In this case the applicant Walter Merricks (a former FOS chief ombudsman), who was seeking to be the class representative, claimed that the higher EEA MIF caused a higher UK MIF (where a card issued in the UK is used to pay a merchant in the UK), that the higher fee was fully passed to merchants (which was not in issue), and that the merchants passed through this increase in retail prices charged to customers. The class of claimants was defined as all those individuals who purchased goods or services from merchants that accepted Mastercard (not just those who used a Mastercard as it was said the pass-through of the charge would affect all of the merchants' products) but excluded those under 16 (on the basis they were unlikely to be spending their own money), those not resident in the UK for at least 3 months, and those no longer alive.

UK Competition Law Regime

The Consumer Rights Act 2015, in force from 1 October 2015, amended the Competition Act 1998, substituting a new s47A and s47B to give rights to individuals to bring private damages actions and to allow authorised class representatives to bring opt-in or opt-out collective actions on their behalf in the CAT. The question before Mr Justice Roth was whether a collective proceedings order should be made in the Mastercard case. An order can be made by the CAT under s47B Competition Act if:

  1. the CAT considers that the person who brought the proceedings is a person who the Tribunal could authorise to act as a representative; and
  2. the claims are eligible for inclusion in proceedings (i.e. that they raise "the same, similar or related issues of fact or law and are suitable to be brought in collective proceedings").

The Competition Appeal Tribunal Rules 2015 (the "CAT" rules) provide that the CAT may certify claims as eligible for collective proceedings where the claims:

  1. are brought on behalf of an identifiable class of persons;
  2. raise common issues; and
  3. are suitable to be brought in collective proceedings.

In determining whether the claims are suitable the CAT can take into account all matters it thinks fit including: whether collective action is an appropriate means for the fair and efficient resolution of the common issues; the costs and benefits of continuing the collective proceedings; whether separate proceedings have been brought by members of the class; the size and nature of the class; whether it is possible to determine whether any person is a member of the class; and whether the claims are suitable for an aggregate award of damages.

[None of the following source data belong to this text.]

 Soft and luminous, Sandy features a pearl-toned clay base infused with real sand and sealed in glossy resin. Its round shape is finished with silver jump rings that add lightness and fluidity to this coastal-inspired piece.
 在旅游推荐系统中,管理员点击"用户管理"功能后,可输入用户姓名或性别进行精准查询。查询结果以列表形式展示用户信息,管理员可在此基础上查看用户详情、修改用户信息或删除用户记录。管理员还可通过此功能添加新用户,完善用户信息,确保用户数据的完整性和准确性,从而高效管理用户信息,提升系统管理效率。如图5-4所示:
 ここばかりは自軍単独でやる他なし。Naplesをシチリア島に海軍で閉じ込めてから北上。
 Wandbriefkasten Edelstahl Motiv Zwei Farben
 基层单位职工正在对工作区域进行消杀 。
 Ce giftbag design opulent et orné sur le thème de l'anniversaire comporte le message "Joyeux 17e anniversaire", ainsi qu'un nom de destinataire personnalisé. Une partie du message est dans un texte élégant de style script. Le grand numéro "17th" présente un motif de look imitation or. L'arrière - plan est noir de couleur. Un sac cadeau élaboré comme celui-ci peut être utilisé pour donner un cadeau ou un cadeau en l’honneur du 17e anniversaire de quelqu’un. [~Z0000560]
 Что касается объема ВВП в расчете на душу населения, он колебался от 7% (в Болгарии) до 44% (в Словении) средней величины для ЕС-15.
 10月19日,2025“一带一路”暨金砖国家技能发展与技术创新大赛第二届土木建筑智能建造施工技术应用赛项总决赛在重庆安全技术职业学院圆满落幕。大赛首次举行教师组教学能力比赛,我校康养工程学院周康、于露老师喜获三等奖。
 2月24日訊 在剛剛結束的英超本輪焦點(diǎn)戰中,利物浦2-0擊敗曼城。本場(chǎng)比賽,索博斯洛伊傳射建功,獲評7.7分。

In July 2017, the CAT held that the correct approach to apply when considering the expert evidence adduced in support of the stated common issues was that of the Canadian courts. In particular, the Canadian case Pro-Sys Consultants Ltd v Microsoft Corp (2013) was referred to. In that case, it was held that the expert methodology must offer a realistic prospect of establishing loss on a class-wide basis, so that if loss is established at a trial of the common issues there is a means by which to demonstrate that it is common to the class.

Suitability for collective action

The CAT found that, although there were a number of issues in the claim that were common to all claimants, two issues were very different: (i) how much each merchant passed through the overcharge to its customers; and (ii) the amount that each claimant spent at these merchants.

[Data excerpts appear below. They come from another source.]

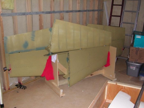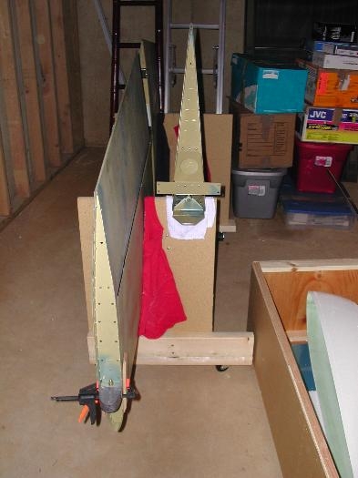 i built a cradle to store the empennage. the cradle is similar to the wing cradle with casters to facilitate moving as needed. other than the fiberglass end caps, the empennage is now complete. time for the wings....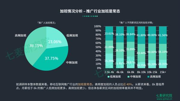 根據七麥研究院(原 ASO100 情報中心)的分析,移動互聯網推廣行(xíng)業加班是常态,高(gāo)頻度加班的推廣人(rén)占比近 40%,加班最多(duō)的是負責遊戲、乙方/渠道(dào)的推廣人(rén),而二者收入則排最後兩名,加班最少(shǎo)的是推廣金融類 App 的從業者;其中“北、上(shàng)、廣”加班情況最為(wèi)嚴重,浙江省、湖(hú)北省緊随其後;四川省的推廣人(rén)加班頻率最低(dī)。
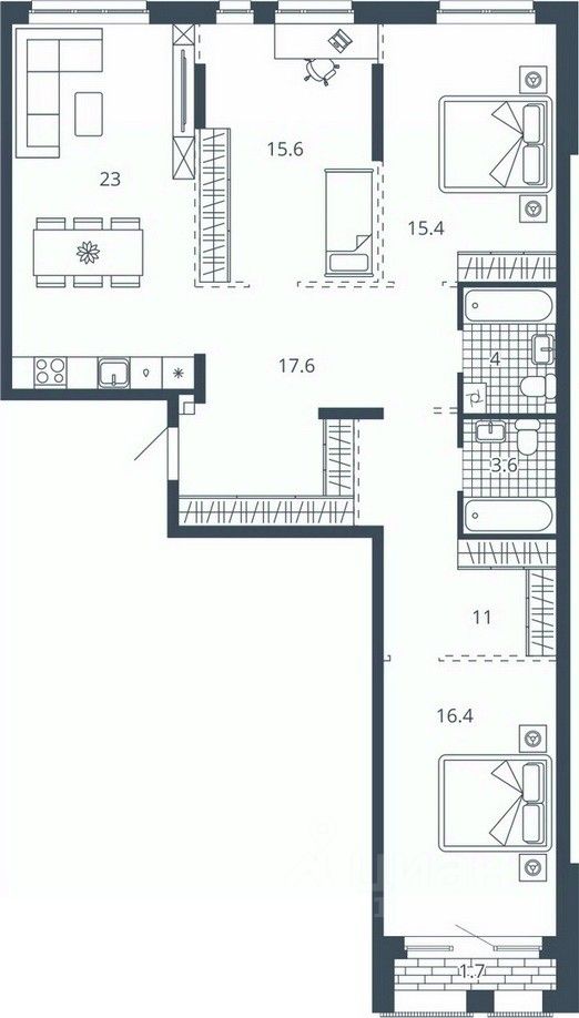 продам 3-к квартира15 378 600 ₽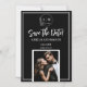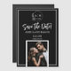 Photo Monogram Save the Date Magnet. Announce your upcoming wedding with this sophisticated 'Save the Date' magnetic card. Featuring a classic black and white aesthetic, and monogram, this design elegantly frames your favorite engagement photo. The bold 'Save the Date!' calligraphy script paired with minimalist typography for names and date creates a timeless feel. It’s the perfect way to ensure your guests remember your special day with this chic and practical keepsake with your favorite engagement photo. This magnetic card is a stylish and memorable way to keep your wedding date top of mind for all your loved ones.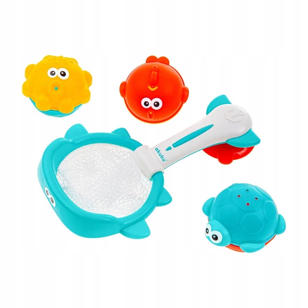 Zabawki Kąpielowe Do Kąpieli Z Sitkiem Koszem 3szt. 12M+ Akuku A0456_1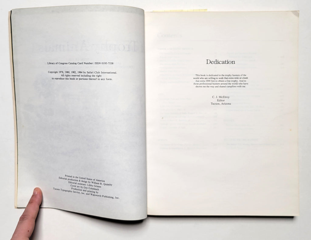 C. J. McElroy (Editor), SCI Record Book of Trophy Animals: North & South America. Tucson, AZ: SCI, 1984. Paperbound. 315 pages. Illustrated. Fourth edition in a special field version of this standard reference work. About good. $20.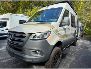 Sleeps 2 Length 20 ft Ext Width 7 ft 8 in Ext Height 10 ft Int Height 6 ft 3 in Exterior Color Arctic White, Pebble Grey, Blue Grey GVWR 9050 lbs Fresh Water Capacity 37 gals Grey Water Capacity 24 gals Fuel Type Diesel Engine 2500 4-Cylender High Output AWD Chassis Mercedes-Benz Sprinter Fuel Capacity 24.5 gals Wheelbase 144 in Refrigerator Type Refrigerator/Freezer Cooktop Burners 1 Number of Awnings 1 Water Heater Type Continuous Awning Info Power with Dimmable LED Shower Type Wet/Bath Shower Electrical Service 30 amp Solar Wattage 100 watts

A key finding of the CAT was that there was no requirement that all significant issues in the claim should be common or that the common issues should predominate (in contrast to the position in the US). However, in view of the difficulty in determining the two issues in question, the CAT was not satisfied that the claims were suitable for an aggregate award of damages.

The claimant's submissions, that the expert evidence demonstrated that difficulties regarding the pass-through issue could be dealt with by applying a methodology to calculate the overcharge and a weighted average pass-through percentage, were rejected. The court also found that it was impossible to see how the payment of damages to an individual claimant from the aggregate damages could be determined on any reasonable basis. The individual's level of expenditure, merchants from whom they purchased and the mix of products purchased over the relevant period would all be relevant and there was no plausible way of reaching even a rough and ready approximation of loss suffered by an individual.

Authorisation of the class representative

Although it was not strictly necessary to decide this issue, the CAT went on to consider Mastercard's submissions that the applicant should not be authorised as the class representative. Mastercard argued that the litigation funding agreement that the applicant (Walter Merricks) had entered into meant that he would not be able to fund the litigation or pay Mastercard's costs if ordered to do so as the agreement could be terminated by the funder; the limit of GBP 10 million for funding Mastercard's costs was inadequate; and that the terms of the funding agreement gave rise to a conflict of interest.

The CAT rejected these arguments, following an amendment made to the funding agreement. The CAT found that a payment that has to be made to a third party funder in consequence of its funding commitment did constitute a cost or expense incurred in connection with proceedings. It found that commercial returns for the funder can be recovered from residual funds left unclaimed from the damages, and such funding returns were recoverable where the applicant's obligation to pay funding costs is contingent, provided the obligation was a direct liability on the applicant.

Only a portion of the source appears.